Post-Graduate Existential Crisis

Finishing university is much like watching ITV’s The Masked Singer — you never think it’ll happen to you. For post-grads having spent the best part of their life proceeding along the educational tramline, the prospect of finishing a degree and having to blag your life from there on in, is disconcerting. I can only liken this to your Sims character mastering the chef profession and then being rudely turned into a vampire by your sister when you weren’t looking. It’s the felling of all structure and security, a new direction – confusing and anxiety provoking. Finals year was revealing. As the end approached, my course mates braced themselves in what I initially assumed were their own individual ways. On further evaluation, I realised the majority fell into three main acts of desperation:

  1. The Emergency Masters
  2. The Carousel of Optimists
  3. Running into the Void

The Emergency Masters

Meaning no disrespect to those who actually require an MA, the “Emergency Masters” is the act of applying for a last-minute masters programme in want of a better idea, in short, prolonging the void or the educational equivalent of driving a train to the end of its track and then jumping out to keeping laying down more sleepers in front of you. This is a popular choice, perhaps because it can be achieved in one UCAS application and a recycled essay from earlier years when your brain was less fried. Putting off the inevitable comes at the price of another year slogging through smugly named JSTOR essays and a healthy lump of debt.

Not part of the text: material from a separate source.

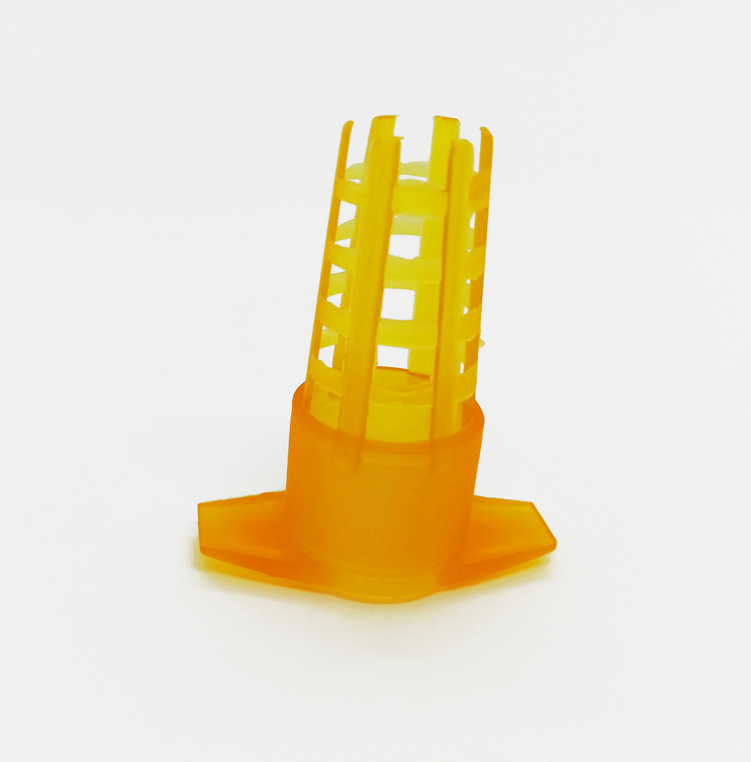 Peça plástica amarela cilíndrica com aberturas e base larga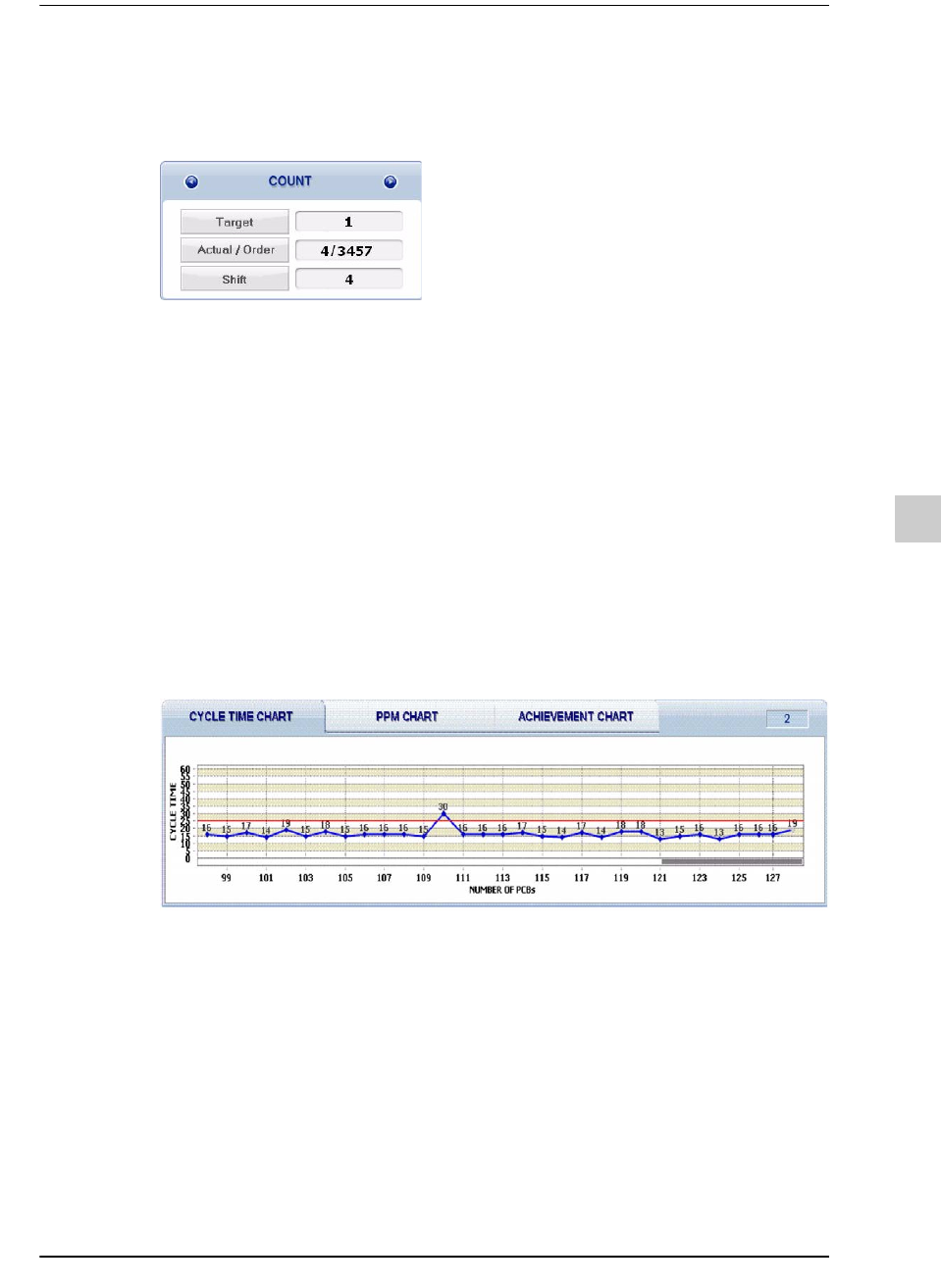 Achievement chart显示了相对于目标生产量的当前生产现况(目标实现率)。

The Grad Scheme: A Carousel of Optimists

For those with more imagination, there is the carousel of optimism. Now the carousel of optimism starts with a grad scheme — on paper, a deus ex machina, designed like a giant, extended hand ready to catch disorientated graduates as they plummet into the void.

Mark from Sussex finishes his PHD in neuroscience and celebrates with a grad scheme at a thimble factory. When questioned, Mark argues: “Well, it’s a carousel placement so one of the departments I will work for is bound to need a neuroscientist.” Three years and 12 departments later, Mark remains in market research.   

Without shitting on the many fantastic, entry-level employment opportunities (of which there are many) the typical application process is only mildly more attractive than unemployment. From winter through to graduation, I watched helplessly as coursemates entered a series of soul-sucking endurance tests.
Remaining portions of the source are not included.